• What you are asked to do: Below is a listing with pictures in it; transcribe exactly the lines from the one that has "電子小黒板アプリ「電子小黒板" through the one that has "道格拉斯-路易斯于2017年", and omit those pictures.

• Available data:

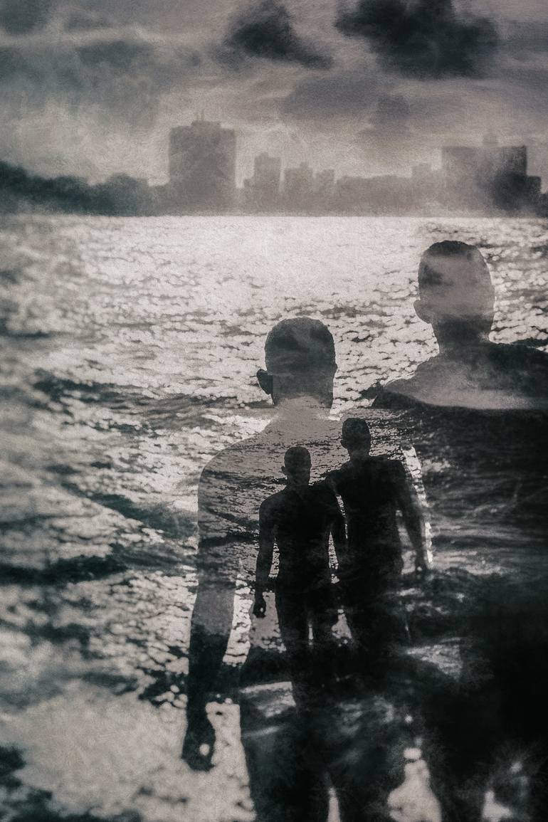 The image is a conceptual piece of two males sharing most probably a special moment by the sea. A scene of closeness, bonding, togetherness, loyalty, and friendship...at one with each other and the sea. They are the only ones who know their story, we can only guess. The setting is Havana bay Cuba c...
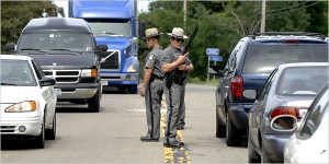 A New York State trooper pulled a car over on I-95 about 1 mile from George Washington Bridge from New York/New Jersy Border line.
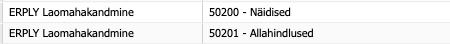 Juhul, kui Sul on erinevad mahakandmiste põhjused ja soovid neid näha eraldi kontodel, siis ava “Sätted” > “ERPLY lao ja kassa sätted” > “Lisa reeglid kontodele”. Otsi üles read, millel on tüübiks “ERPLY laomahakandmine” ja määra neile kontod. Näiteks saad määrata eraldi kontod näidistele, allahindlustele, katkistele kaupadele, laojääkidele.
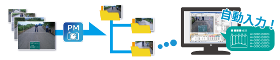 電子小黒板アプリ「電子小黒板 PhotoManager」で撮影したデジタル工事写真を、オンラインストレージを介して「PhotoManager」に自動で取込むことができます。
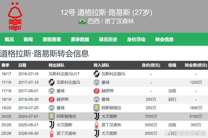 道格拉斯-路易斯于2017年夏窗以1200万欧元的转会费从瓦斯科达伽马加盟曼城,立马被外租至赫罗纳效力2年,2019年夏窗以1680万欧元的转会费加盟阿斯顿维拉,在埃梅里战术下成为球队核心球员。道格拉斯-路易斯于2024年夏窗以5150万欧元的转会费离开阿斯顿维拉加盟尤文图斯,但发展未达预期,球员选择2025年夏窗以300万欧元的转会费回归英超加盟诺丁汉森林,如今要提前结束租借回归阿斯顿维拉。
...
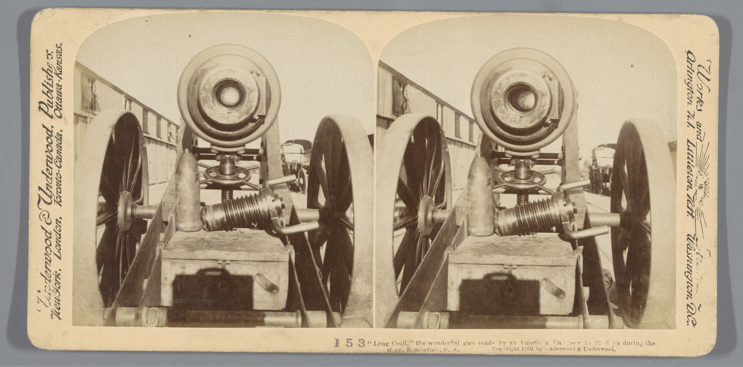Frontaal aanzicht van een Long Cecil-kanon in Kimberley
* * *
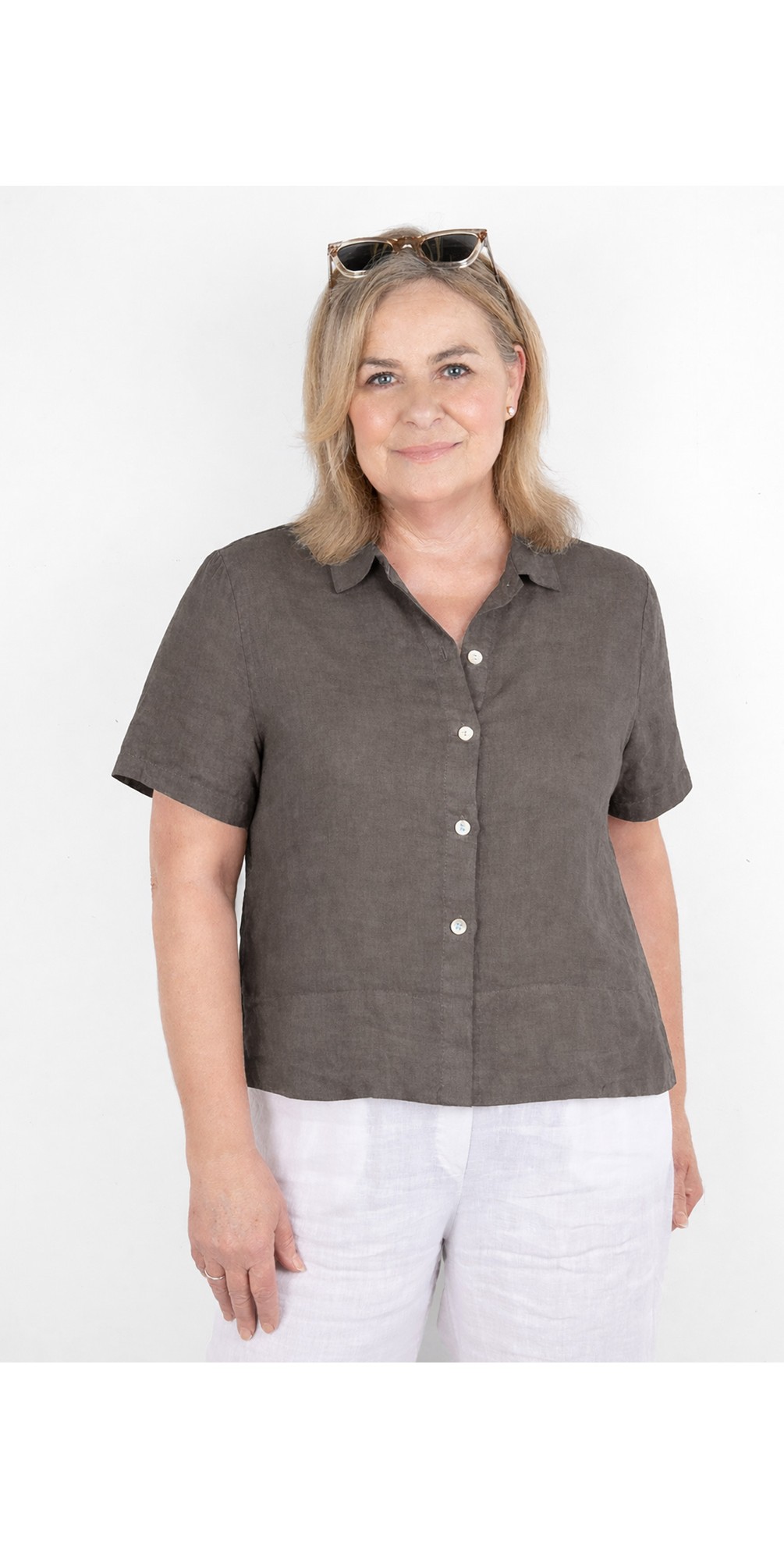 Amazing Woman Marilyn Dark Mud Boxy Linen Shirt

• Answer area:
 電子小黒板アプリ「電子小黒板 PhotoManager」で撮影したデジタル工事写真を、オンラインストレージを介して「PhotoManager」に自動で取込むことができます。
 道格拉斯-路易斯于2017年夏窗以1200万欧元的转会费从瓦斯科达伽马加盟曼城,立马被外租至赫罗纳效力2年,2019年夏窗以1680万欧元的转会费加盟阿斯顿维拉,在埃梅里战术下成为球队核心球员。道格拉斯-路易斯于2024年夏窗以5150万欧元的转会费离开阿斯顿维拉加盟尤文图斯,但发展未达预期,球员选择2025年夏窗以300万欧元的转会费回归英超加盟诺丁汉森林,如今要提前结束租借回归阿斯顿维拉。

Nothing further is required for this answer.